Most CSTs are really slow because their basic idea is to sacrifice speed in order to save memory. This research is bound to become relatively irrelevant soon anyway because of Moore's law. Human DNA is of bound size and soon regular SACA's will be able to transform them completely in memory on regular PCs. Memory usage for constructing the suffix array in memory is arround 27GB (3 billion base pairs a 8 Byte each + up to 3 GB genom data); not much for a scientific computer anyway.

JimChengLin commented 6 years ago

@akamiru You are right! I bet you spent a lot of time on this field. Thanks so much for the valuable information!! For anti-plagiarism/data compression, the desire for smaller suffix {tree, array} will never be satisfied. The data growing probably follows Moore's law as well.

I will re-start my student life on September, So I have nearly half year completely free. I have assigned myself a task that is how to build a optimal dictionary/code? Huffman code produces optimal code for a fixed-size alphabet. The alphabet is typically 256 8bit bytes. If I loose the constraint, the alphabet now can be built by arbitrary number of arbitrary bits word, what is optimal code/dictionary that make sources smallest?
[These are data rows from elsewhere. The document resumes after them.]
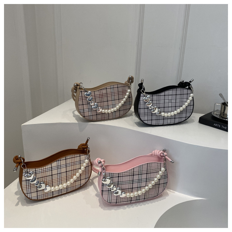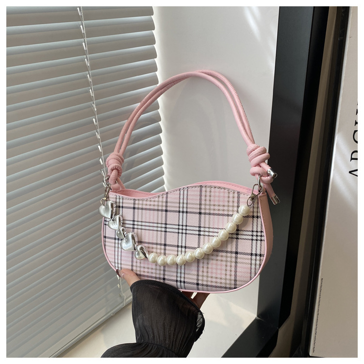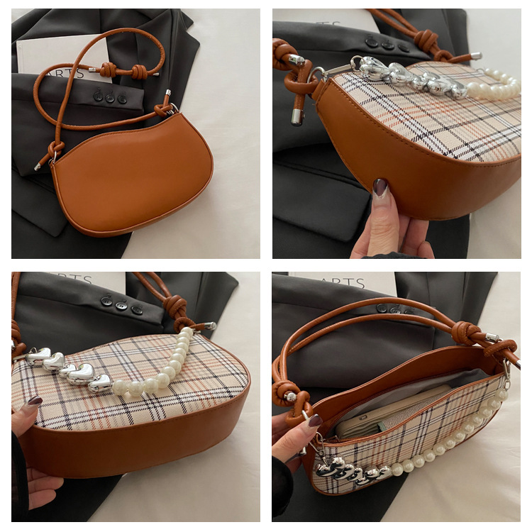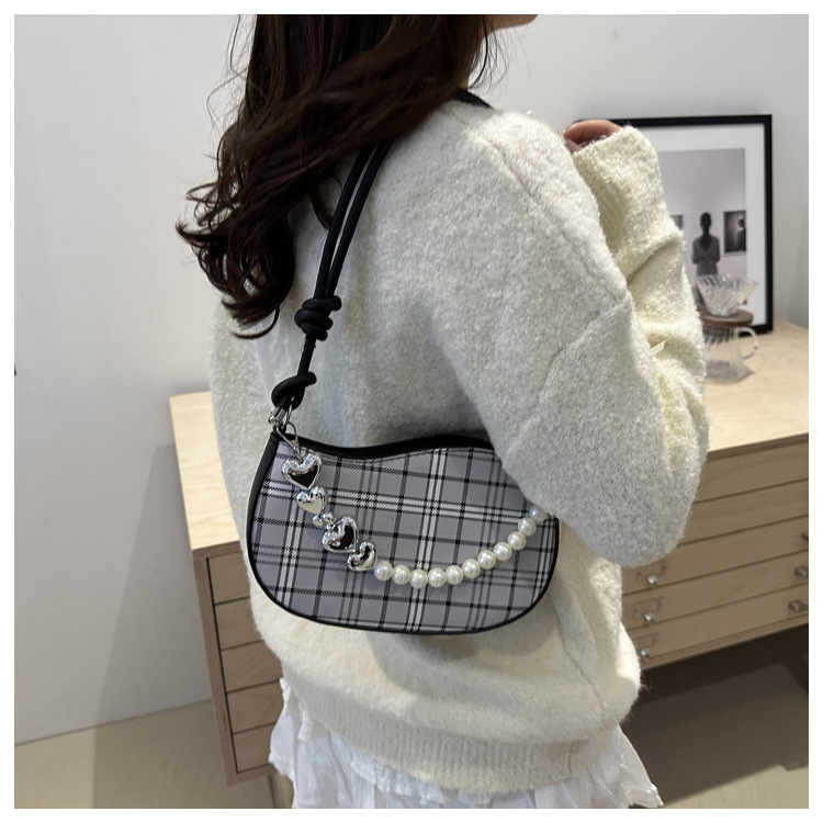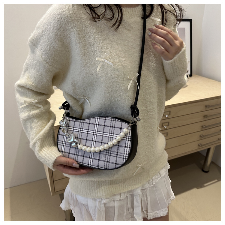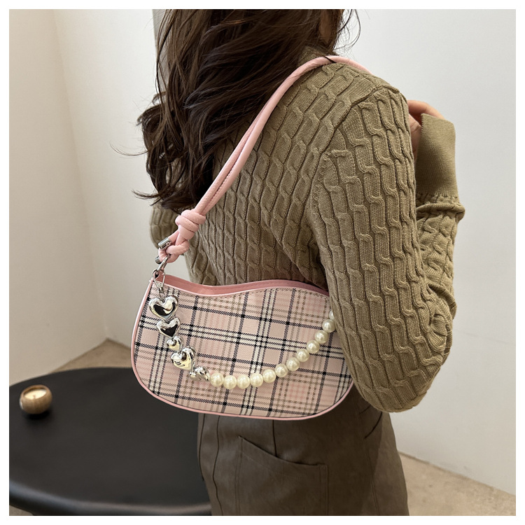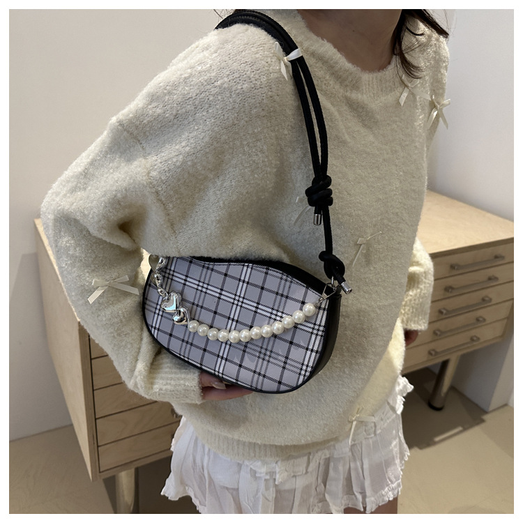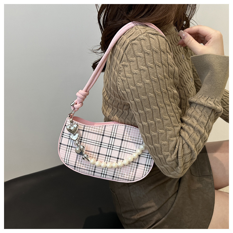 2024新款格子复古唯美通勤包个性潮流时尚小众设计简约单肩腋下包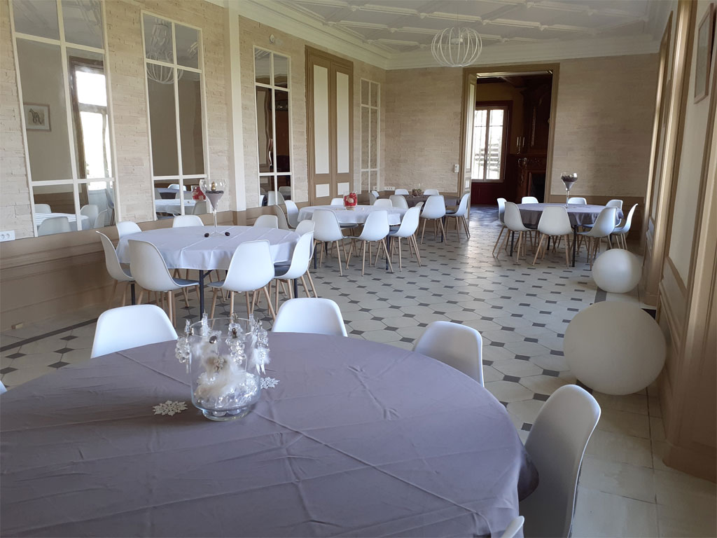 Le rez-de-chaussée du château comprend diverses salles disponibles en supplément : salle enfants, salons en enfilade pour 160 m² et 120 places assises et cuisine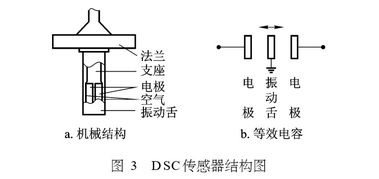 DSC傳感器爲外置(zhi)懸臂式結構(圖3),獨(du)立于.儀表旋渦發(fa)生體但⭕又徑向插(chā)入發生體的中心(xin)孔中,并與兩側導(dǎo)壓孔連通,以檢測(ce)卡門旋渦壓力的(de)變化。它實質是一(yi)個電容式機-電轉(zhuan)換器。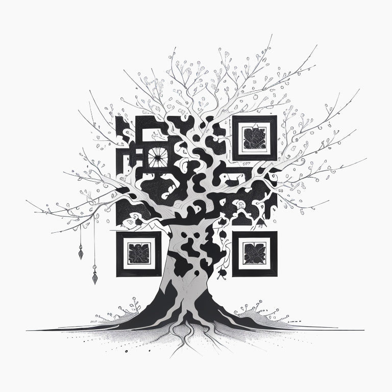 An ancient, large tree stands at the center of the composition, its branches sprawling with foliage, symbolizing eternity and longevity. This unique QR code tattoo celebrates the enduring power of nature, with the tree’s roots symbolizing strength and stability. The QR code is carefully integrated into the tree’s design, making it a modern tribute to the timeless cycle of life.

Since most folks around me are not interested in this, would you mind sharing some ideas of it? Some paper if you ever heard of?
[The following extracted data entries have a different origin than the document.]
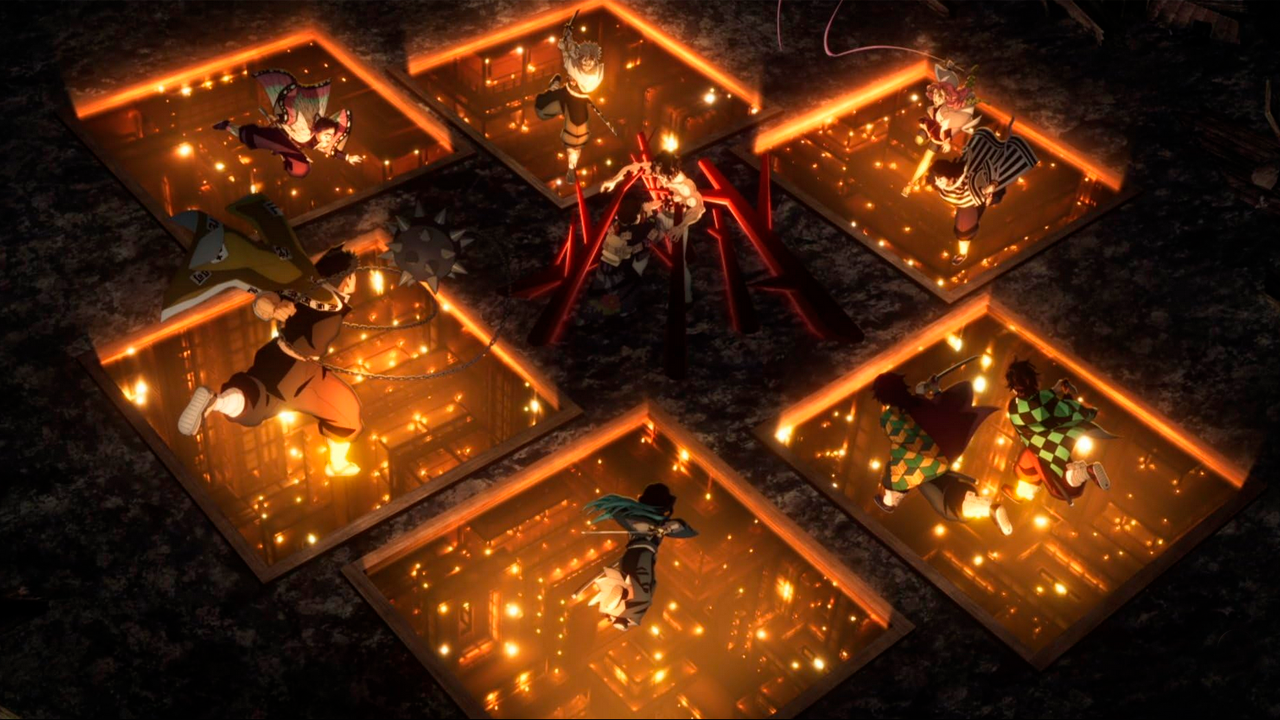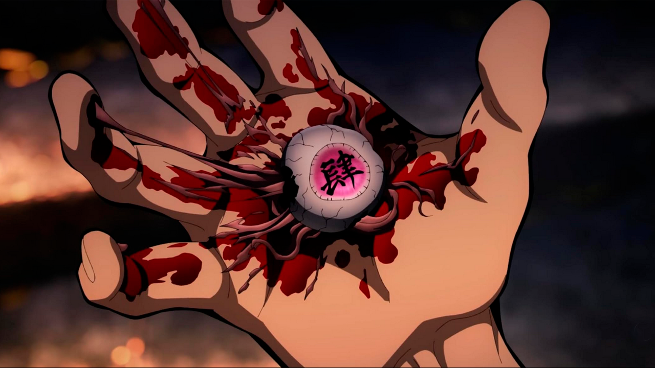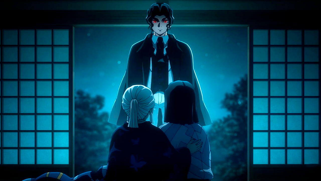 En varios episodios de esta temporada vemos a un par de ojos analizando todo a petición del líder de los Demonios, siguiendo a algunos cazadores en sus guardias nocturnas y rastreando su camino de regreso a un lugar y otro. Sabemos que Nakime y Muzan dedicaron días enteros a espiar a los miembros de la organización y la tragedia se anuncia cuando El Pilar del Viento aplasta uno de estos ojos con el número cuatro y se da cuenta de que han sido localizados en el episodio siete.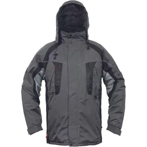 • bélelt, vízálló kabát gallérba hajtott kapucnival • külső szövet kopásállóságot növelő kezeléssel • húzózsinórral szűkíthető alsó szegély • fényvisszavető részletek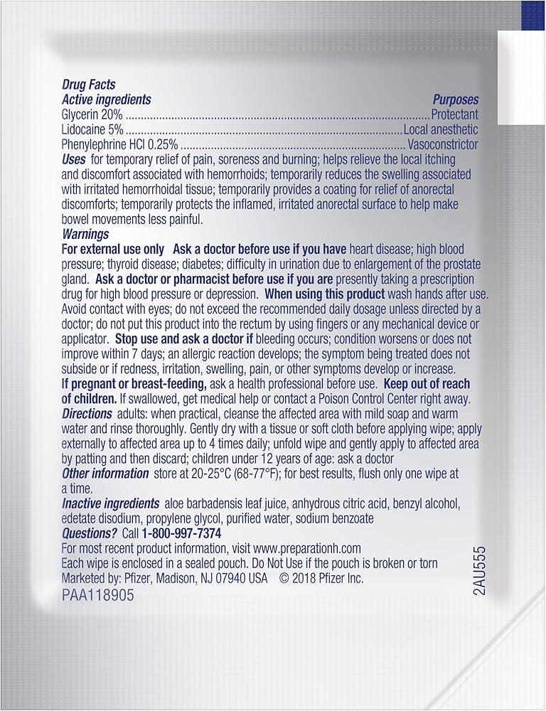 بريبريشن اتش توفر المناديل المبللة للبواسير مع الليدوكائين تخفيف سريع للألم والحكة والحرق الناجم عن البواسير في مناديل مريحة وسهلة الاستخدام. حتى التهيج الخفيف حول المؤخرة يمكن أن يكون مشكلة غير مريحة ومستمرة. عندما لا توفر علاجات البواسير الأخرى الراحة التي تحتاجها، فإن هذه المناديل المبللة القابلة للغسل والآمنة للصرف الصحي تجمع بين الراحة التي تثق بها من منتجات العناية بالبواسير بريبريشن اتش مع أقصى قوة ليدوكائين لتخدير الحرق المؤلم والحكة والفينيل ليفرين لتقليل التورم. بالإضافة إلى ذلك، توفر واقيات البشرة بما في ذلك الجلسرين طبقة واقية مهدئة وتعزز الشفاء هناك. تساعد هذه المناديل المبللة لتخفيف الحكة أيضًا على تقليل التورم المرتبط بالبواسير. ضعي مناديل بريبريشن اتش المبللة هذه حتى 4 مرات يوميًا للعناية بالبواسير سريعة المفعول. كن مرتاحًا مع تخفيف البواسير من بريبريشن اتش، العلامة التجارية رقم 1 التي يوصي بها الأطباء لعلاج البواسير. (1). (1) من بين العلامات التجارية او تي سي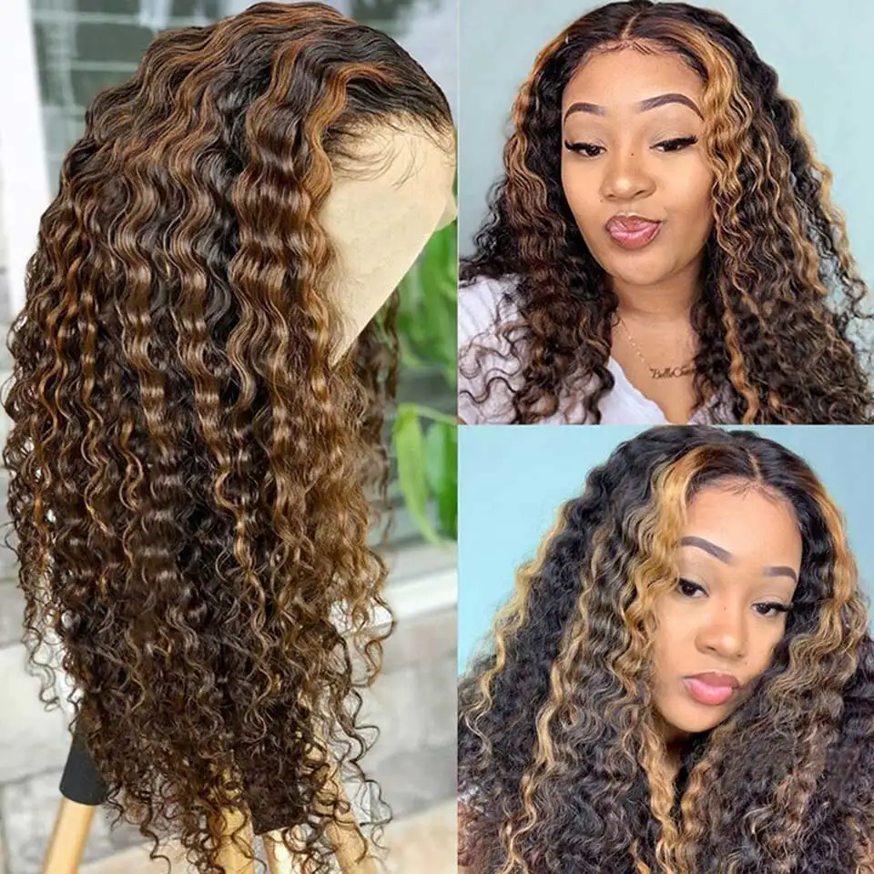 Выделите глубокая волна парик прозрачные кружевные парики влажные и волнистые Синтетические волосы на кружеве парики из натуральных волос на кружевной часть эффектом деграде (переход от темного к глубокая волна фронтальной парик

Why I am fond of Suffix Tree over Suffix Array, main reason is I could do statistic on-the-fly. Inner nodes mean repeation that implies potentials to compress data.
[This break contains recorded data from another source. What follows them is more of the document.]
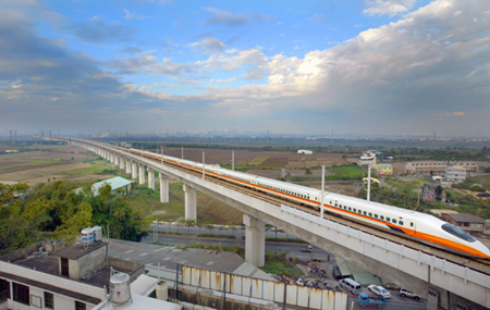 歷經(jīng)一連串風(fēng)波后,臺灣高鐵正式通車營運,成為臺灣交通史新的里程碑,目前旅客已突破1500萬人次。圖為高鐵列車通過彰化縣進入臺中縣前的畫面。記者于志旭/攝影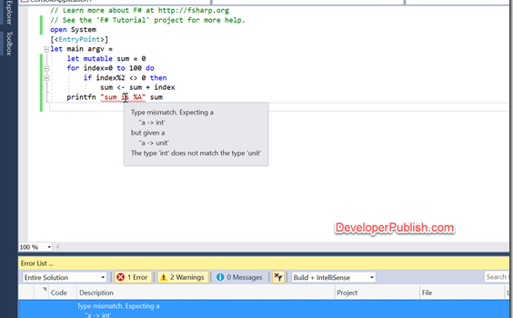 Problem When writing your first F# program , you get the following error “The type int is not compatible with … Continue reading F# Recipe #2 – The type int is not compatible with type unit
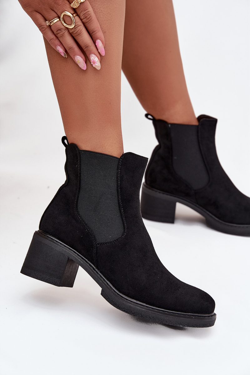 Dámske čižmy Chelsea na blokovom podpätku čierne Luvina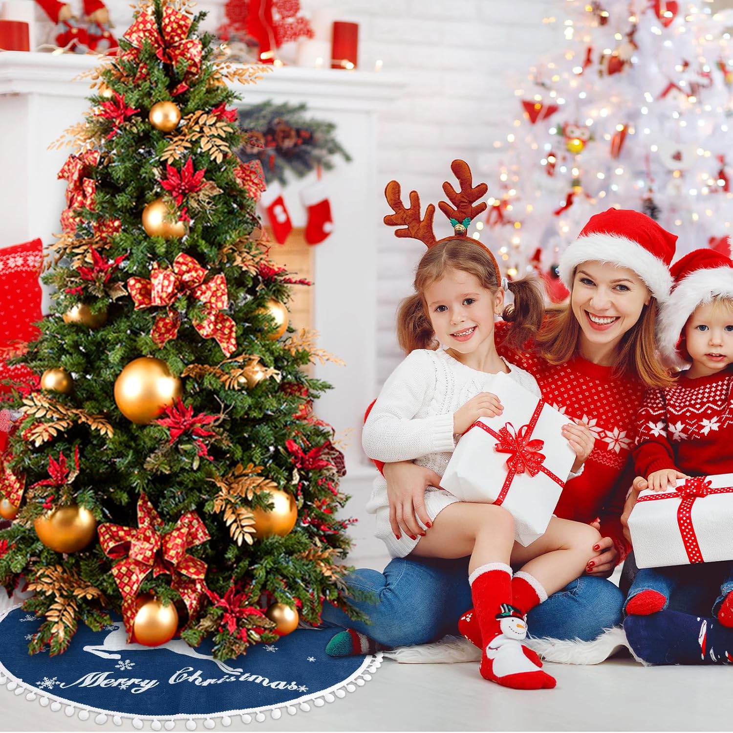 • Merry Christmas Tree Skirts:Our xmas tree skirt is printed with elk and various sizes of snow patterns, as well as the words "Merry Christmas." The edges are adorned with small, fluffy balls, adding a festive touch to your Christmas tree. This 24-inch tree skirt is perfectly sized for most Christmas trees perfectly. Before making a purchase, please measure the diameter of your tree to ensure a perfect fit

akamiru commented 6 years ago

Some starting points: http://mattmahoney.net/dc/dce.html https://en.wikipedia.org/wiki/Kolmogorov_complexity https://en.wikipedia.org/wiki/Entropy_(information_theory) https://encode.ru/ (You will find e.g. Bulat-Ziganshin and me over there but I'm more of a passiv reader).

while automatically finding optimal codes is impossible for basically all usefull files there are a few notable practical algorithms which perform good in practice:

2403772980ygy commented 4 years ago

A different example: KMP is O(n + m), whereas a naïve search is O(n*m). However the latter is ridiculously fast for most input sizes, because of its cache-friendly behaviour and tight loops.

Well, I don't think naive search is faster than kmp. I've build random strings in cases, in which the programs match $\pi$, and kmp is much faster when dealing most long strings......

But I do believe that DC3 is slower than $\Theta(n\logn)$ approaches.